The models the Swedish economists of the inter-war period developed were maps and they referred to uncertainty as ‘anticipations’, and they never failed to consider the complexity of systems subject to the fallacy of composition. That the models they used referred to algorithmic complexity of maps was made clear long after the event. In addition, the models were abstract but the reasoning was not.
A recent headline, in many of the newspapers of nations practicing lockdowns of one sort or another, was: “WHO lauds lockdown-ignoring Sweden as a ‘model’ for countries going forward.” Both Anders Tegnell and the Swedish prime minister, Stefan Löfven, responded to the statement by Dr. Mike Ryan, the emergencies expert at WHO, which led to the above headline; the former in public and the latter with a private letter. They were both grateful for the recognition granted them, via the extolling of the no lockdown policy.

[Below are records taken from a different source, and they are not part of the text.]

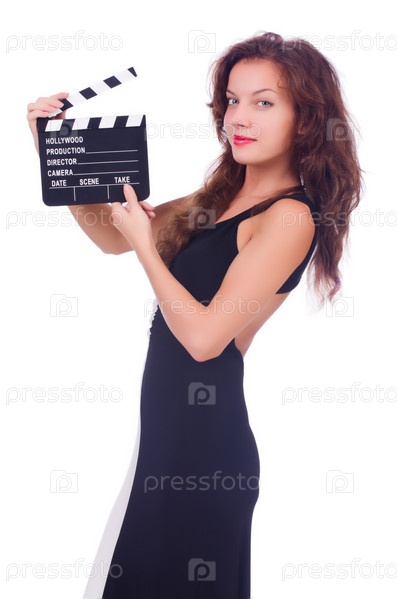 Женщина с кинохлопушкой, изолированная на белом фоне
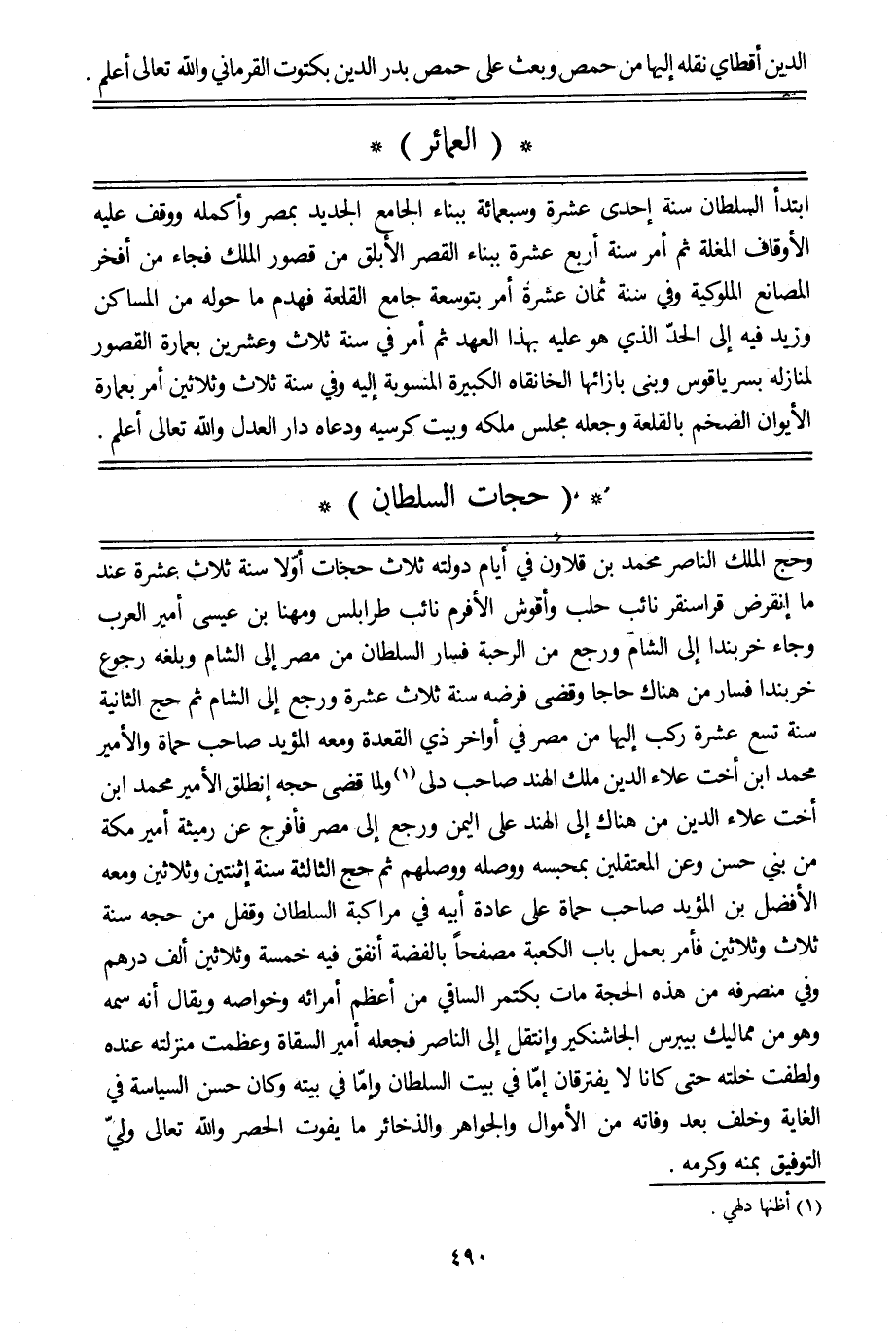 وحج الملك الناصر محمد بن قلاون في أيام دولته ثلاث حجات أوّلا سنة ثلاث عشرة عند ما انقرض قراسنقر نائب حلب وأقوش الأفرم نائب طرابلس ومهنا بن عيسى أمير العرب وجاء خربندا إلى الشام ورجع من الرحبة فسار السلطان من مصر إلى الشام وبلغه رجوع خربندا فسار من هناك حاجا وقضى فرضه سنة ثلاث عشرة ورجع إلى الشام ثم حج الثانية سنة تسع عشرة ركب إليها من مصر في أواخر ذي القعدة ومعه المؤيد صاحب حماة والأمير محمد ابن أخت علاء الدين ملك الهند صاحب دلى [1] ولما قضى حجه انطلق الأمير محمد ابن أخت علاء الدين من هناك إلى الهند على اليمن ورجع إلى مصر فأفرج عن رميثة أمير مكة من بني حسن وعن المعتقلين بمحبسه ووصله ووصلهم ثم حج الثالثة سنة اثنتين وثلاثين ومعه الأفضل بن المؤيد صاحب حماة على عادة أبيه في مراكبة السلطان وقفل من حجه سنة ثلاث وثلاثين فأمر بعمل باب الكعبة مصحفا بالفضة أنفق فيه خمسة وثلاثين ألف درهم وفي منصرفه من هذه الحجة مات بكتمر الساقي من أعظم أمرائه وخواصه ويقال أنه سمه وهو من مماليك بيبرس الجاشنكير وانتقل إلى الناصر فجعله أمير السقاة وعظمت منزلته عنده ولطفت خلته حتى كانا لا يفترقان إمّا في بيت السلطان وإمّا في بيته وكان حسن السياسة في الغاية وخلف بعد وفاته من الأموال والجواهر والذخائر ما يفوت الحصر والله تعالى وليّ التوفيق بمنه وكرمه.
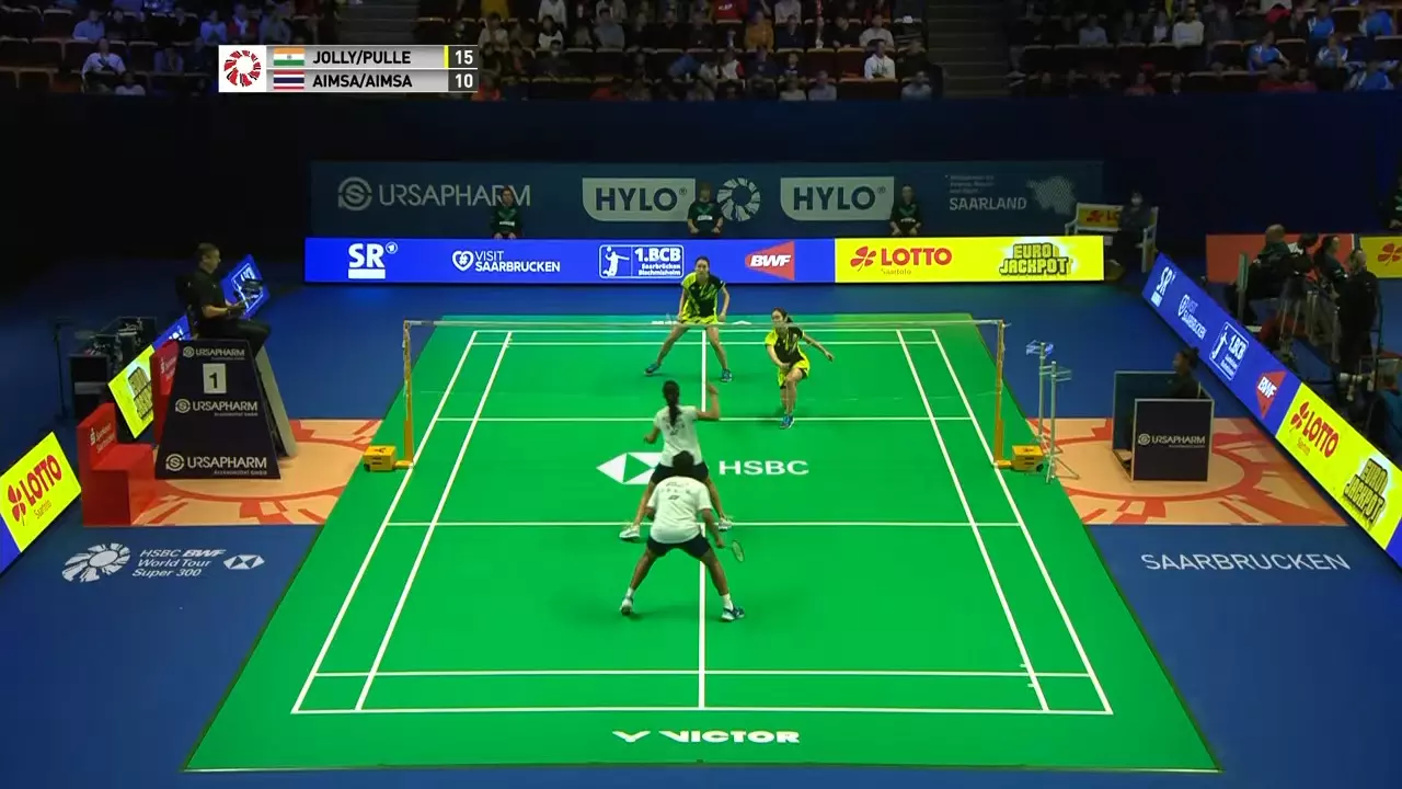 Treesa Jolly has been fantastic with her placements today and the thai pair has no answer to it.

I find it refreshing to see and know that Sweden is again bucking the trend.
This is a tentative attempt to understand the Swedish no lockdown policy as the effects of the dreadful virus are changing all the time. I have tried to model the Swedish strategy as a battle between Hercules (policy) and Hydra (the virus) of ancient Greek mythology, recast in terms of nonlinear dynamical systems subject to (recursion theoretic) incompleteness.
A draft version of this article benefitted from friendly criticism by Stefano Zambelli, Charlotte Bruun, Francesco Luna, Ragupathy Venkatachalam, and the editor of The India Forum. Alas, none of them are responsible for this final version.
(Editor's note: An earlier published version had wrong figures for deaths per million population for all the Nordic countries other than Sweden. The correct figures have now been inserted. The error is regretted.)